◆ TASK DIRECTIONS ◆
Please return every line of the records below that holds the word "Persépolis".

◆ SOURCE MATERIAL ◆
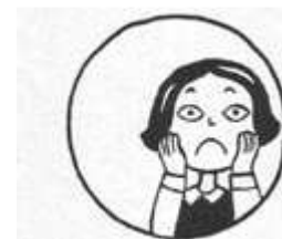
Así se autorretrata Marjane de niña en Persépolis

En este punto acaba la historia del primero de los cuatro álbumes que componen Persépolis . El segundo ocupa el periodo de 1980 a 1984 y tiene como trasfondo la guerra entre Irán e Irak a mitad de los ochenta y el inicio de su adolescencia, donde conoceremos, por ejemplo, de su afición a grupos musicales prohibidos por el régimen islámico, y algunos de los problemas en que se mete ya de bien jovencita por su carácter rebelde. El tercer álbum se centra en las múltiples penurias y peripecias vitales que vivirá la autora en Austria entre 1984 y 1989, donde es enviada a vivir por sus padres para protegerla tanto de los bombardeos como de los problemas legales en los que podría acabar de continuar con su conducta, que no siempre se adecuaba a las costumbres
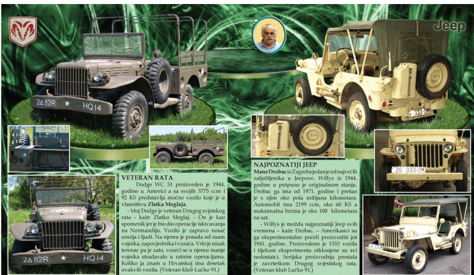
1944 Dodge WC 51
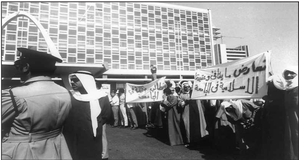
● تظاهرة ضد الجامعة أمام مجلس الأمة احتجاجاً على الدراسة المشتركة التي سميت خطأ بالاختلاط

استقبلتنا في لندن امراة كبيرة في السن وأخذتنا للفندق

◆ PROBLEM SOLUTION ◆
Así se autorretrata Marjane de niña en Persépolis
En este punto acaba la historia del primero de los cuatro álbumes que componen Persépolis . El segundo ocupa el periodo de 1980 a 1984 y tiene como trasfondo la guerra entre Irán e Irak a mitad de los ochenta y el inicio de su adolescencia, donde conoceremos, por ejemplo, de su afición a grupos musicales prohibidos por el régimen islámico, y algunos de los problemas en que se mete ya de bien jovencita por su carácter rebelde. El tercer álbum se centra en las múltiples penurias y peripecias vitales que vivirá la autora en Austria entre 1984 y 1989, donde es enviada a vivir por sus padres para protegerla tanto de los bombardeos como de los problemas legales en los que podría acabar de continuar con su conducta, que no siempre se adecuaba a las costumbres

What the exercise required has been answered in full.